*DATASET CONTENT*
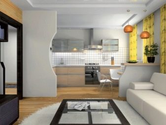 Това са всякакви прегради от гипсокартон с декоративен дизайн, плъзгащи се и сгъваеми паравани от безтегловна пластмаса и стъкло с витражи и орнаменти. Дори тъканите могат да се използват умело за огради. В обичайния случай има концепция за зониране за различни ъгли. Може да се прилага с помощта на осветителни тела, цветове и декоративни елементи. Огледалата, поставени по стените, тавана или вратите на шкафа, визуално ще увеличат пространството.
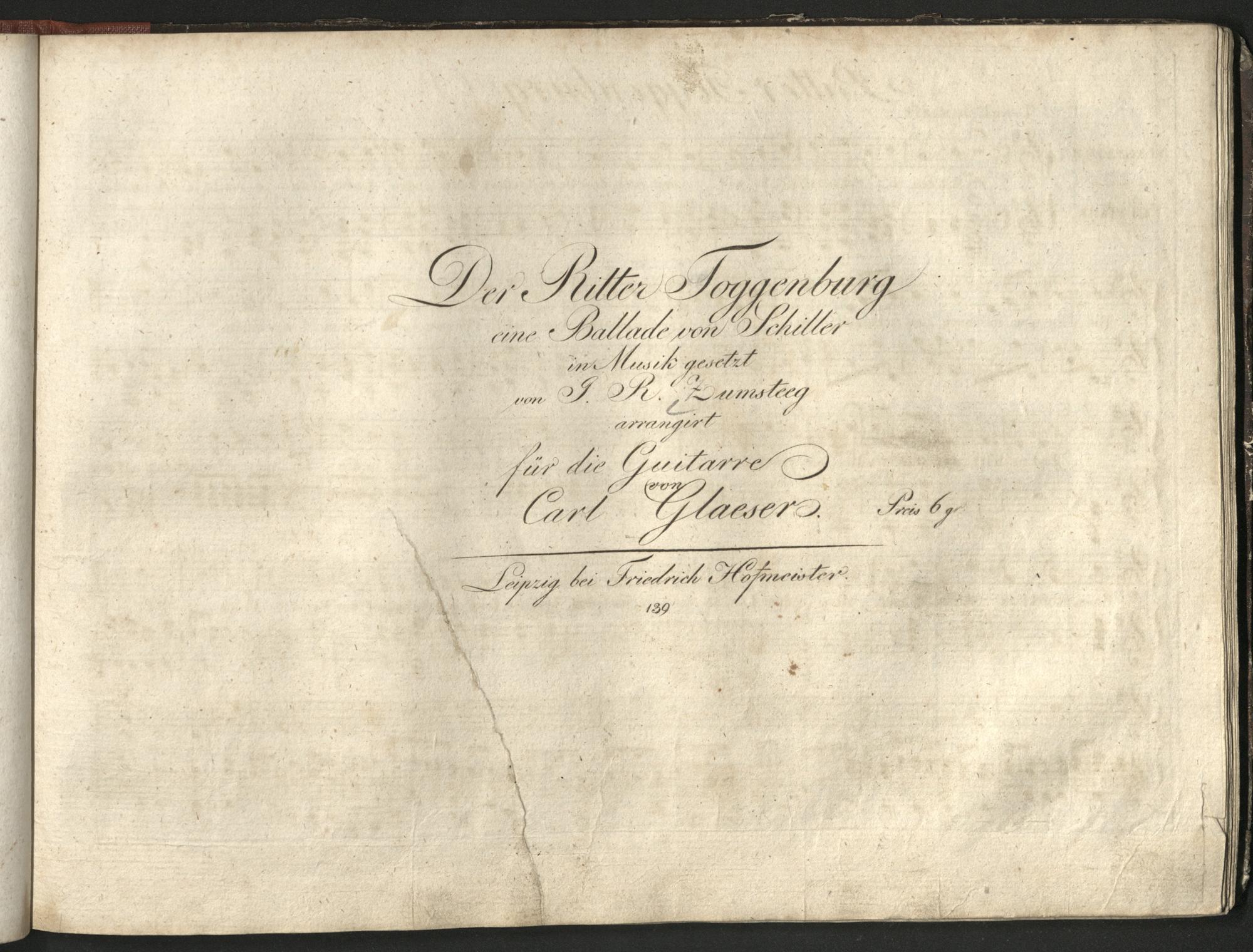 Der Ritter Toggenburg : eine Ballade von Schiller / in Musik gesetzt von J. R. Zumsteeg ; arrangirt für die Guitarre von Carl Glaeser
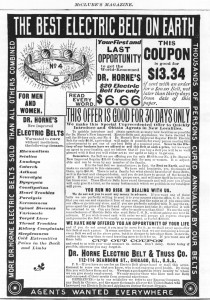 This US advert from 1898 shows the Dr Horne electric belt.  This amazing device was warranted to cure a host of ailments from asthma to varicocele. Normally $20 but only $6.66 if you use the coupon. The UK advert (1891) not only cures bronchitis, but prolongs life too!
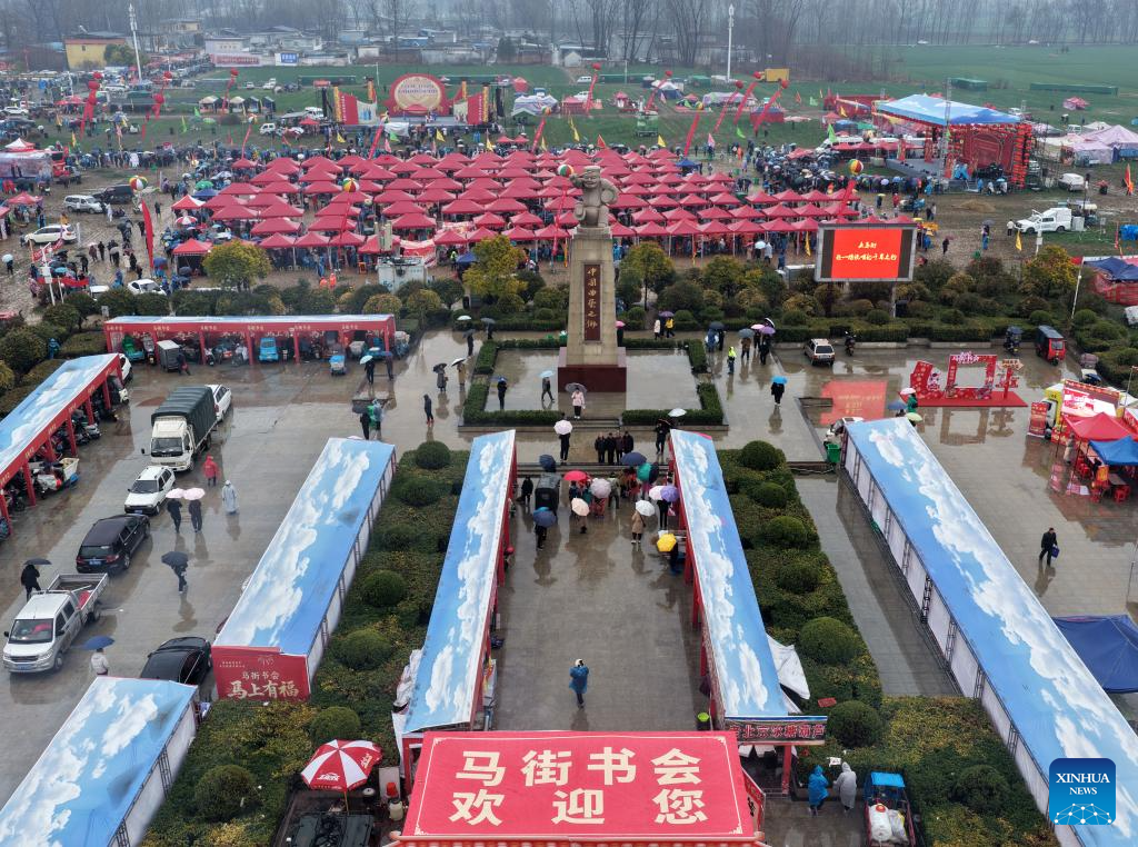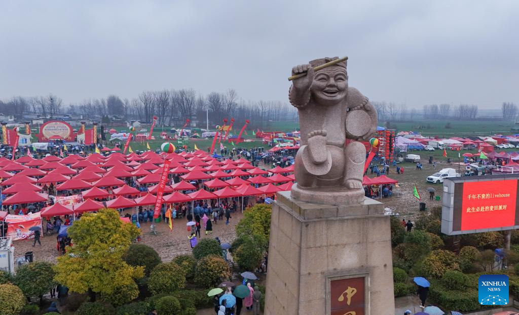An aerial drone photo shows a view at the Majie Quyi Fair at Majie Village of Baofeng County, central China's Henan Province, March 1, 2026.
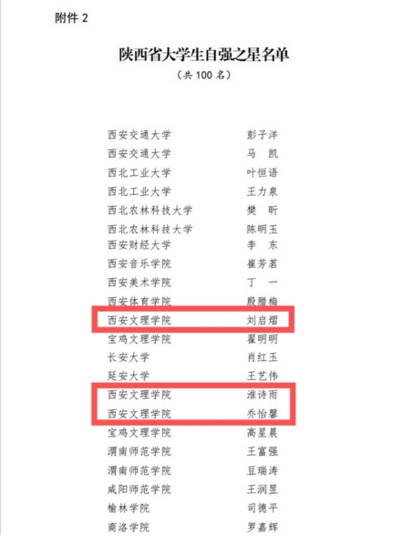 近日,团省委公示了陕西省大学生自强之星寻访活动结果,我校学生淮诗语、刘启熠、乔怡馨被评选为“陕西省大学生自强之星”(陕西共100名),其中淮诗语、刘启熠被推荐参评“中国大学生自强之星”(陕西省57名)。信息工程学院华数云图科创团队被评为陕西省大学生自强之星科创团体(陕西省共20支),该团体是市属高校唯一一个获奖的科创团队,这次评选也创历年之最。
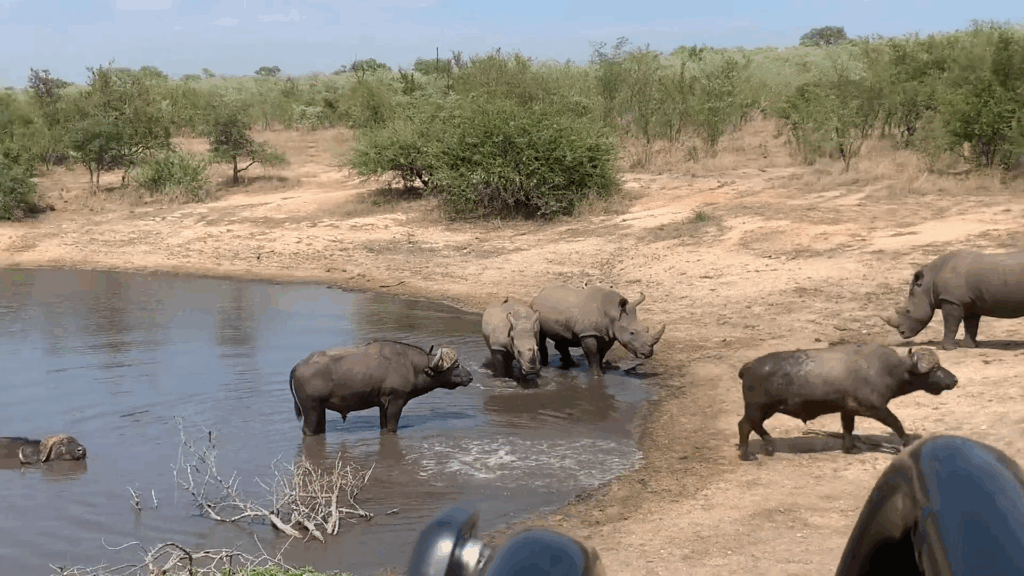 The buffalo still stood its ground for a little longer, reluctant to let the rhino win the face-off, but it did eventually think better of it and decide to stand down.
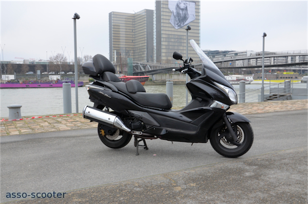 Sur le Burgman 650cc, la position est moins recrioquevillée, beaucoup d’espace pour s’étendre mais consommation légèrement supérieure.
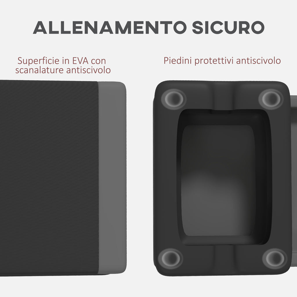 - PEDANA SICURA: Goditi sicurezza e stabilità durante ogni allenamento grazie alla superficie in EVA e i piedini antiscivolo dello step fitness
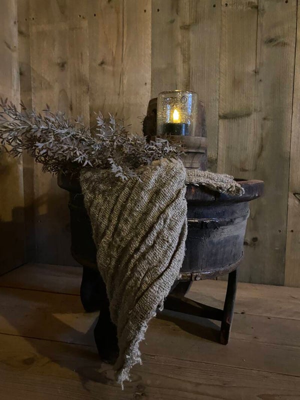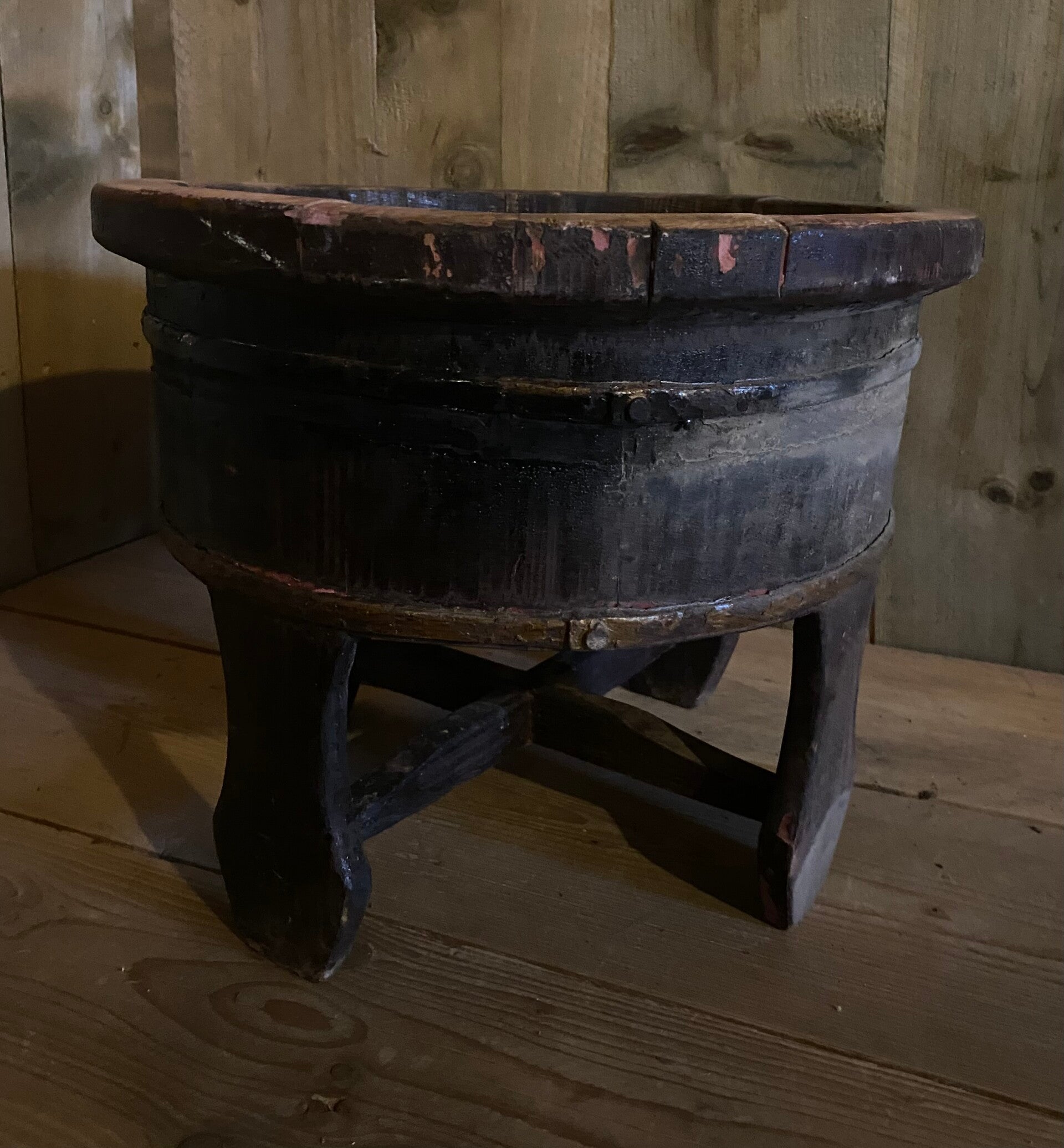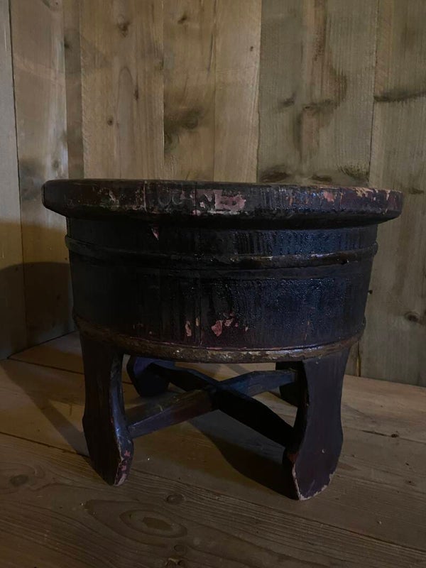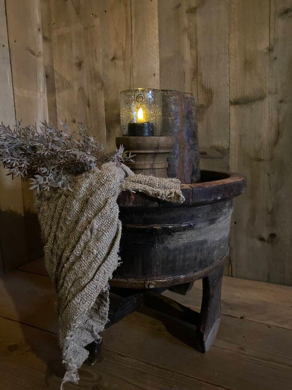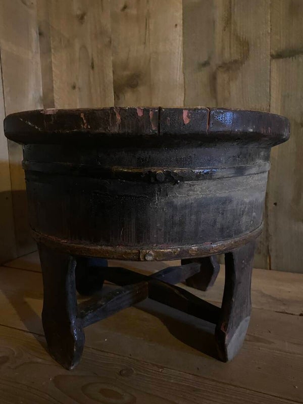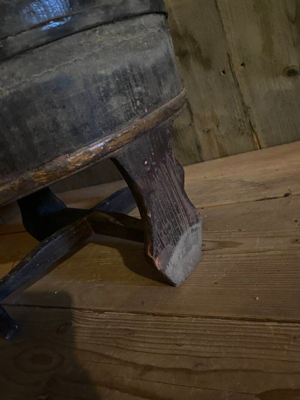 Originele oude olijfbak op pootjes met gebruikerssporen.
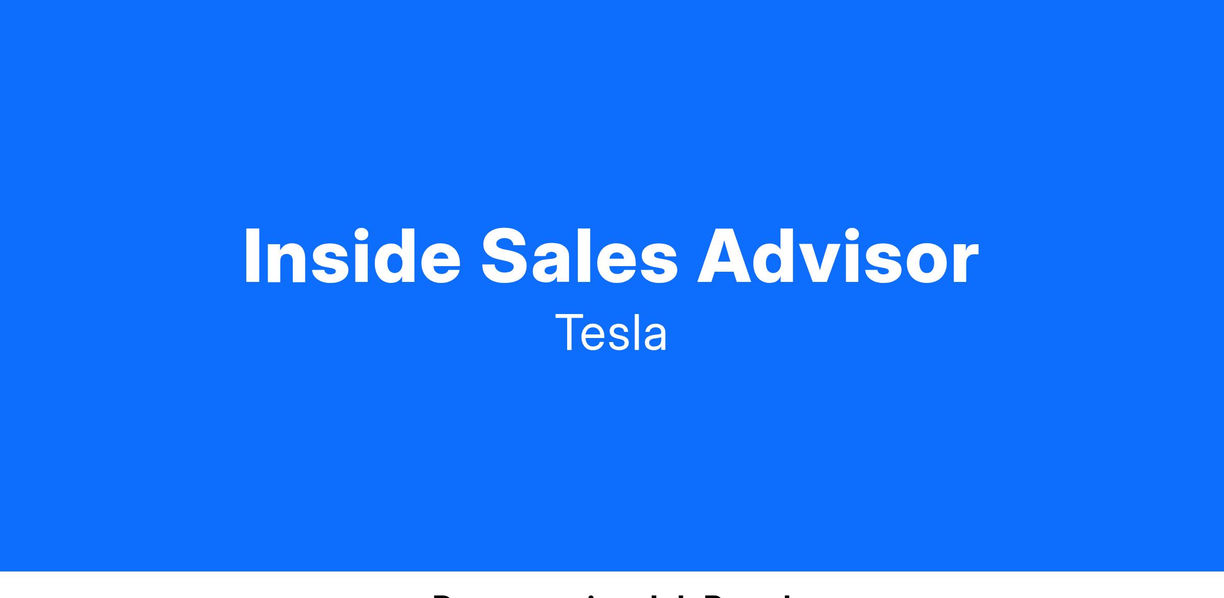 Tesla is looking for an onsite Inside Tesla Sales Advisor to help us fulfill our mission of accelerating the world's transition to sustainable energy while creating lifelong customers.
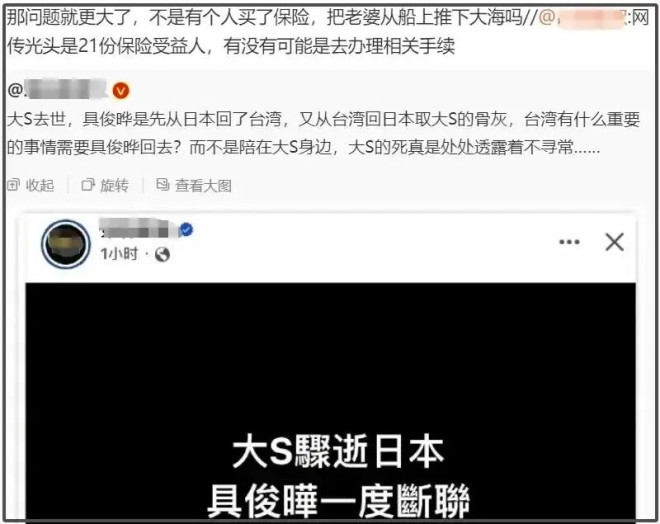 还记得大S死讯曝光之后不久,台媒就曝出具俊晔一度失联,还有消息称他去处理了二十多份保险。
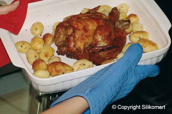 Silikonhandschuh zum Umgang mit heißen Speisen.
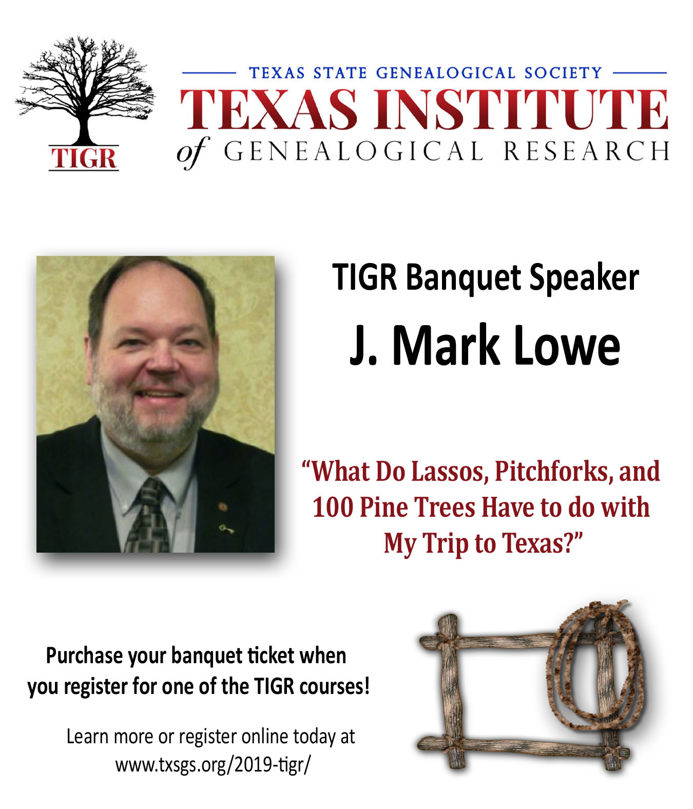 Mark LoweWhat do these things have to do with banquet speaker J. Mark Lowe’s trip to Texas for the 2019 Texas Institute of Genealogical Research?
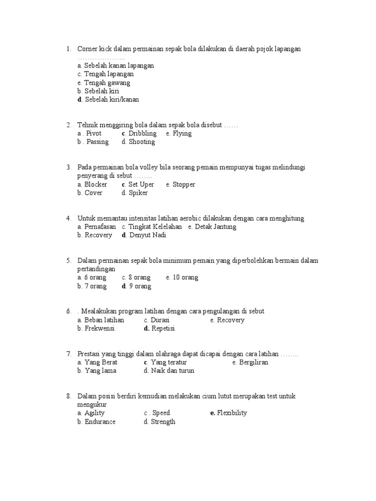 Kumpulan Soal Penjas 50 Soal Berserta Jawaban 2
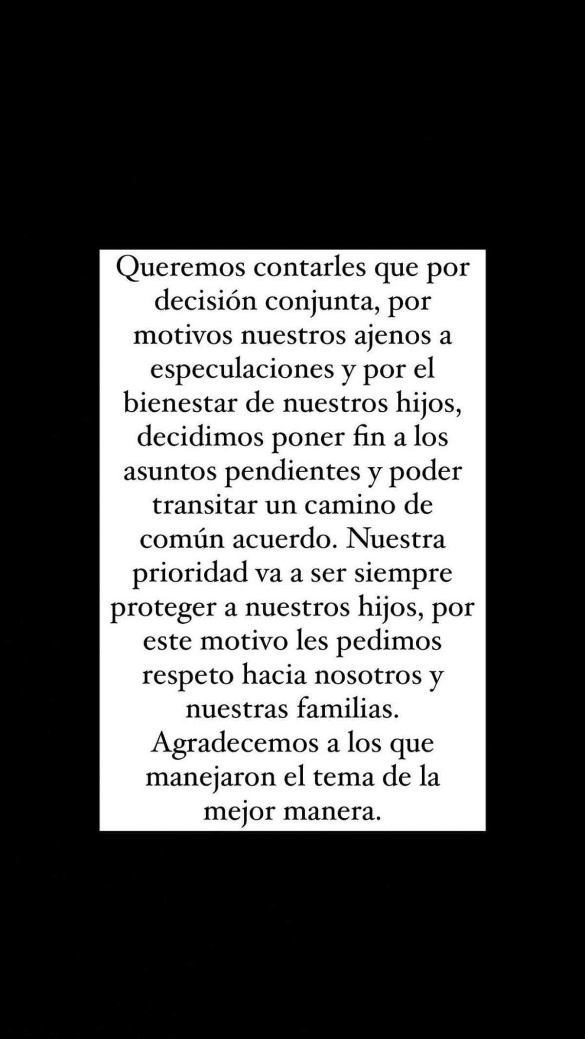 “Nuestra prioridad va a ser siempre proteger a nuestros hijos, por este motivo les pedimos respeto hacia nosotros y nuestras familias”. Continuó la modelo y finalizó el posteo con un agradecimiento general. “Agradecemos a los que manejaron el tema de la mejor manera”.

*ASSIGNED TASK*
Repeat the full listing above without altering a word, and skip the pictures.

*THE COMPLETED TASK*
 Това са всякакви прегради от гипсокартон с декоративен дизайн, плъзгащи се и сгъваеми паравани от безтегловна пластмаса и стъкло с витражи и орнаменти. Дори тъканите могат да се използват умело за огради. В обичайния случай има концепция за зониране за различни ъгли. Може да се прилага с помощта на осветителни тела, цветове и декоративни елементи. Огледалата, поставени по стените, тавана или вратите на шкафа, визуално ще увеличат пространството.
 Der Ritter Toggenburg : eine Ballade von Schiller / in Musik gesetzt von J. R. Zumsteeg ; arrangirt für die Guitarre von Carl Glaeser
 This US advert from 1898 shows the Dr Horne electric belt.  This amazing device was warranted to cure a host of ailments from asthma to varicocele. Normally $20 but only $6.66 if you use the coupon. The UK advert (1891) not only cures bronchitis, but prolongs life too!
An aerial drone photo shows a view at the Majie Quyi Fair at Majie Village of Baofeng County, central China's Henan Province, March 1, 2026.
 近日,团省委公示了陕西省大学生自强之星寻访活动结果,我校学生淮诗语、刘启熠、乔怡馨被评选为“陕西省大学生自强之星”(陕西共100名),其中淮诗语、刘启熠被推荐参评“中国大学生自强之星”(陕西省57名)。信息工程学院华数云图科创团队被评为陕西省大学生自强之星科创团体(陕西省共20支),该团体是市属高校唯一一个获奖的科创团队,这次评选也创历年之最。
 The buffalo still stood its ground for a little longer, reluctant to let the rhino win the face-off, but it did eventually think better of it and decide to stand down.
 Sur le Burgman 650cc, la position est moins recrioquevillée, beaucoup d’espace pour s’étendre mais consommation légèrement supérieure.
 - PEDANA SICURA: Goditi sicurezza e stabilità durante ogni allenamento grazie alla superficie in EVA e i piedini antiscivolo dello step fitness
 Originele oude olijfbak op pootjes met gebruikerssporen.
 Tesla is looking for an onsite Inside Tesla Sales Advisor to help us fulfill our mission of accelerating the world's transition to sustainable energy while creating lifelong customers.
 还记得大S死讯曝光之后不久,台媒就曝出具俊晔一度失联,还有消息称他去处理了二十多份保险。
 Silikonhandschuh zum Umgang mit heißen Speisen.
 Mark LoweWhat do these things have to do with banquet speaker J. Mark Lowe’s trip to Texas for the 2019 Texas Institute of Genealogical Research?
 Kumpulan Soal Penjas 50 Soal Berserta Jawaban 2
 “Nuestra prioridad va a ser siempre proteger a nuestros hijos, por este motivo les pedimos respeto hacia nosotros y nuestras familias”. Continuó la modelo y finalizó el posteo con un agradecimiento general. “Agradecemos a los que manejaron el tema de la mejor manera”.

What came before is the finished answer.